* Data shown:
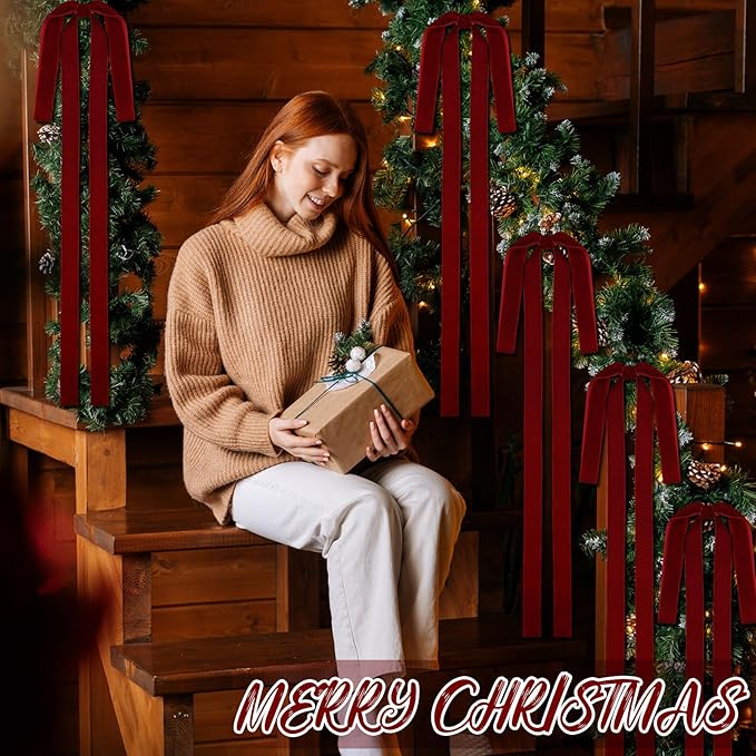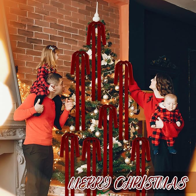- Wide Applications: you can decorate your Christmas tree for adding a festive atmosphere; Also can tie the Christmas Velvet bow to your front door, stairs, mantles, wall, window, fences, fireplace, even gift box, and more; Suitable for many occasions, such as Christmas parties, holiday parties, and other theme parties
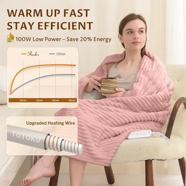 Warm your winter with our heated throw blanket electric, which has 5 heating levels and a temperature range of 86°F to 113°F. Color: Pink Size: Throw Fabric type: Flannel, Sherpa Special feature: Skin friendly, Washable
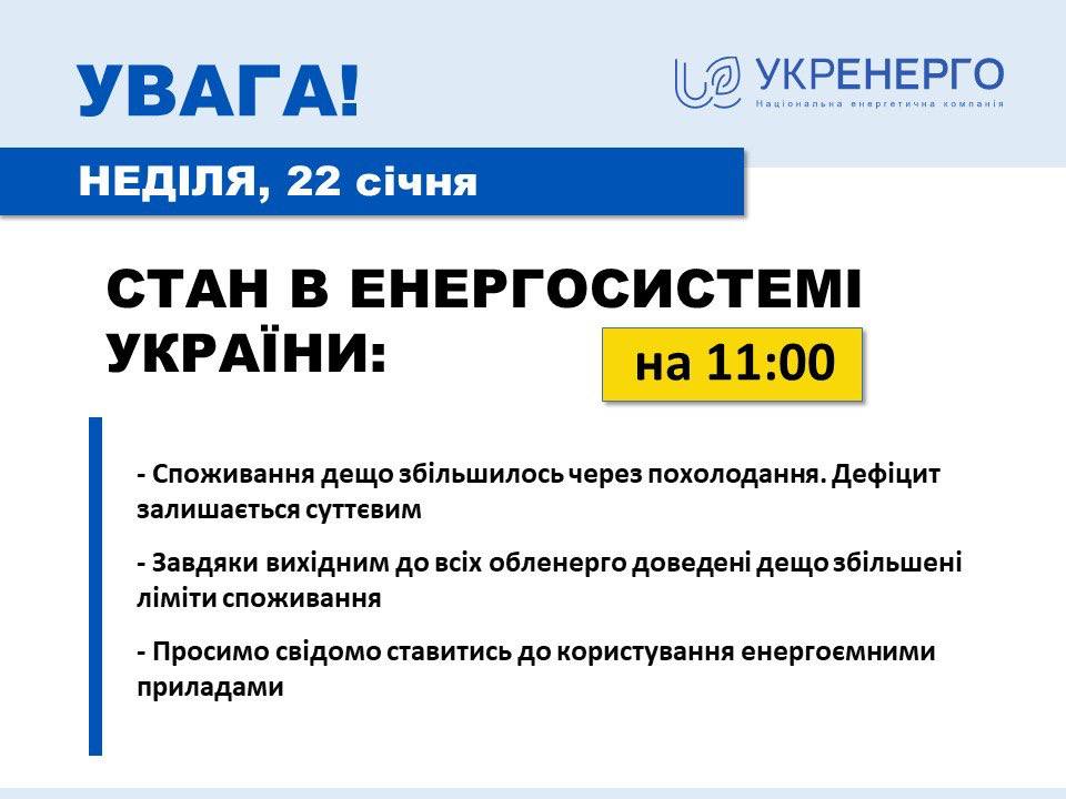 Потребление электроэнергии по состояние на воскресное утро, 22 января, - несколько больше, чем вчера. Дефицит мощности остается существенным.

* Task details: Copy the final stretch of lines, starting at the one that holds "Warm your winter" and ending at the last line of the data, exactly; omit pictures.

* Exercise answer:
 Warm your winter with our heated throw blanket electric, which has 5 heating levels and a temperature range of 86°F to 113°F. Color: Pink Size: Throw Fabric type: Flannel, Sherpa Special feature: Skin friendly, Washable
 Потребление электроэнергии по состояние на воскресное утро, 22 января, - несколько больше, чем вчера. Дефицит мощности остается существенным.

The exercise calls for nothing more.